▶ EXERCISE DETAILS
An exact repetition of the data is required; no picture should appear in it.

▶ DATASET EXTRACT
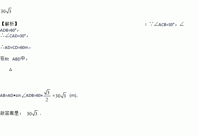 如图,为了测量河宽假设河的两岸平行,测得,则河宽AB为______ 结果保留根号.
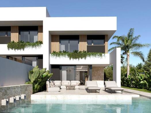 NEU GEBAUTE DOPPELHAUSHÄLFTEN IN LA ZENIA Neubau von unabhängigen Villen und Doppelhaushälften in La Zenia, Orihuela Costa. Moderne Eigenschaften bauen über 3 Etagen, verfügt über 3 Schlafzimmer, 2 B...
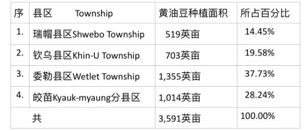 瑞帽专区内的各县区所种植的黄油豆面积如下表:

▶ TASK SOLUTION
 如图,为了测量河宽假设河的两岸平行,测得,则河宽AB为______ 结果保留根号.
 NEU GEBAUTE DOPPELHAUSHÄLFTEN IN LA ZENIA Neubau von unabhängigen Villen und Doppelhaushälften in La Zenia, Orihuela Costa. Moderne Eigenschaften bauen über 3 Etagen, verfügt über 3 Schlafzimmer, 2 B...
 瑞帽专区内的各县区所种植的黄油豆面积如下表:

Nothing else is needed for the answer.